It was a headline that definitely opened eyes and definitely perked up ears. News that supermajor Shell was in the process of reviewing its holdings in the largest US oil field – the onshore Permian basin – came as a shock. On one hand, why was Shell looking to sell off its assets in the prized US shale patch only months after naming it one of its nine ‘core’ upstream areas? On the other hand, the prospect of taking over Shell’s sizable acreage in the Permian has set its competitors operating in the same shale patch sniffing around for opportunities.

The answer to the former has been most influenced by a recent judgement at a court in The Hague, where Royal Dutch Shell is headquartered. The court ruled that Shell’s carbon plans – which calls for a reduction of greenhouse gas emissions to net zero by 2050 and an absolute 20% reduction by 2030 – was insufficient and not in line with the climate change goals of the Paris Agreement. Instead, the court ordered that Shell must reduce its emissions by 45% from 2019 levels by 2030, siding with environmental NGO Friends of the Earth which brought on the case by claiming that Shell was violating human rights with its current plan. Crucially, and unusually, the court applied the verdict to Shell’s entire global operations, spanning multiple jurisdictions, rather than limited to just Dutch holdings. Shell has announced plans to appeal, which could drag the process on for years in higher courts. But on the off-chance that this judgement remains binding, it is perhaps looking for ways to shave off carbon-intensive assets.
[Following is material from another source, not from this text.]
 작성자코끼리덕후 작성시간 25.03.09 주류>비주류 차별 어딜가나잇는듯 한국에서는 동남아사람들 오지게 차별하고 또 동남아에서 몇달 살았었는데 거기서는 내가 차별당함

Why else would chatter suddenly surface that Shell was considering selling off its collection of prime Permian acreage located in the prolific Delaware basin? After all, just a few months ago in February, Shell announced that it was planning to reshape its upstream business to focus on nine core areas that generated 80% of its revenue – Brazil, Brunei, the Gulf of Mexico, Kazakhstan, Malaysia, Nigeria, Oman, the UK North Sea and, of course, the Permian Basin in the US. Although Shell is not among the largest Permian players, its 260,000 acres are still sizable and its output of some 60,000 b/d ranks Shell among the Permian’s 20 largest producers. Valuations suggest that the sale could fetch as much as US$10 billion, which is a lot of cash that Shell could redirect to clean energy initiatives if the aim is to conform to the court order. Because Shell is not exactly in fire-sale mode; its asset divestment program to hive off non-core assets to pay for its US$53 billion acquisition of BG Group in 2015 was already complete.
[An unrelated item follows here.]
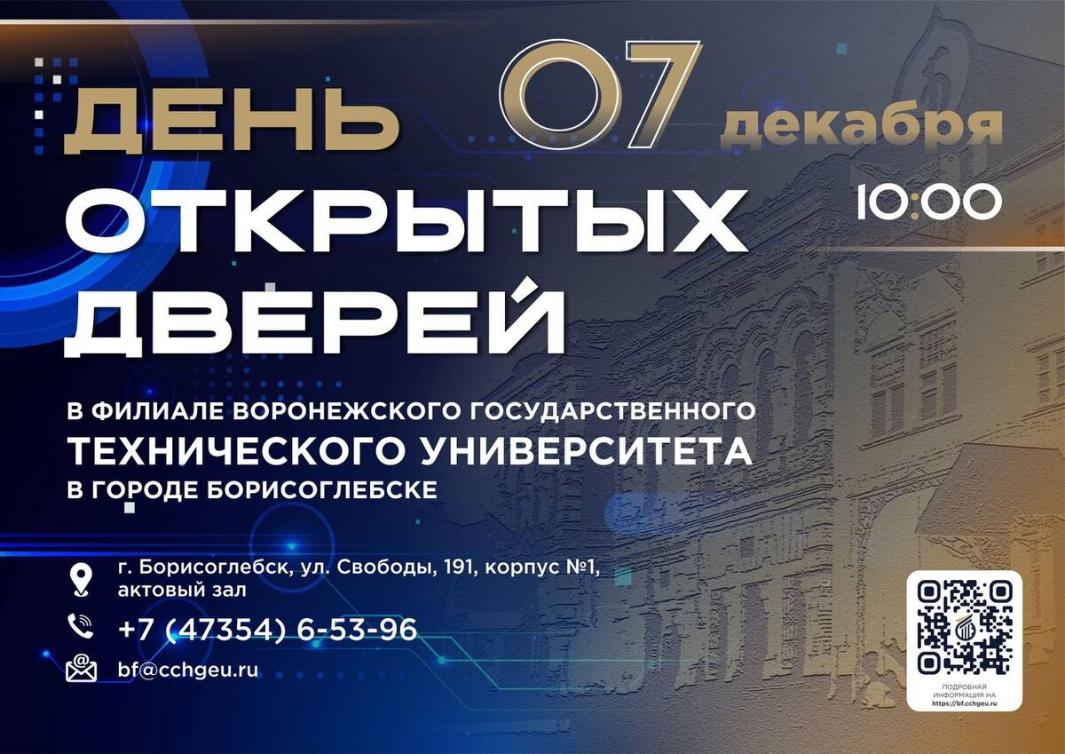 Уважаемые борисоглебцы и жители округа! 🎓 Филиал ВГТУ в Борисоглебске приглашает абитуриентов и их родителей на День открытых дверей! 📅 Когда? 7 декабря 2025 года в 10:00 📍 Где? ул. Свободы, 191 В программе: — знакомство с направлениями обучения; — встреча с преподавателями; — консультации по поступлению. 📞 Телефон для справок: +74735465396 Не упустите возможность узнать всё о качественном образовании в нашем городе!

To be fair, for all the activity in the Permian, sustained profitability has proven elusive. Not just to Shell, but other major players there as well. The rapid drop-off in well productivity after the first two years means that players have to be constantly drilling and discovering, while a large-scale traditional crude oil field could last for decades after initial production. Shell is also not the only one to consider shedding assets; Chevron and ExxonMobil are also rumoured to be considering divestment as well. And why not? With crude prices at their highest point since late 2018, it is a good time to fetch the best price for oil assets. Most Permian deals in 2021 have closed at between US$7,000 and US$12,000 per acre – already a major increase from 2020 and 2019 – but Shell’s prime 260,000 acres acquired from Chesapeake Energy and Anadarko in 2012 would fetch a major premium, possibly almost as high as US$40,000/acre that would be in line with Pioneer Natural Resources’ acquisition of DoublePoint Energy in April 2021. Any sale would definitely exceed Shell’s initial investment of US$1.9 billion, fetching a tidy profit. Of course, the move would also shrink Shell’s US footprint, limiting it to the Gulf of Mexico (where the Whale field FID is expected soon) and a single oil refinery (Norco), after selling its stake in the Deer Park refining site to Pemex from an unsolicited bid.
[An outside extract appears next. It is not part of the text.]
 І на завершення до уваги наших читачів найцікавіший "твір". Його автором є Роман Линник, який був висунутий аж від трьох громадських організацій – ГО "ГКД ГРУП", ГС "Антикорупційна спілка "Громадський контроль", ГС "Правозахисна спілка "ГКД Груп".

If the sale goes through – and it is still a big if at this point – then Shell’s loss will be someone else’s gain. Who would that be? Potential bidders include ConocoPhillips, Devon Energy, Chevron, EOG Resources or even private equity firms that have not been scared off by the potential debt burden of Permian assets. Shell is likely to be looking for an all-cash deal for the entirely of the asset, but is reportedly open to also parcelling up the land into multiple packages. According to sources, a data room with full information on the assets has already been opened.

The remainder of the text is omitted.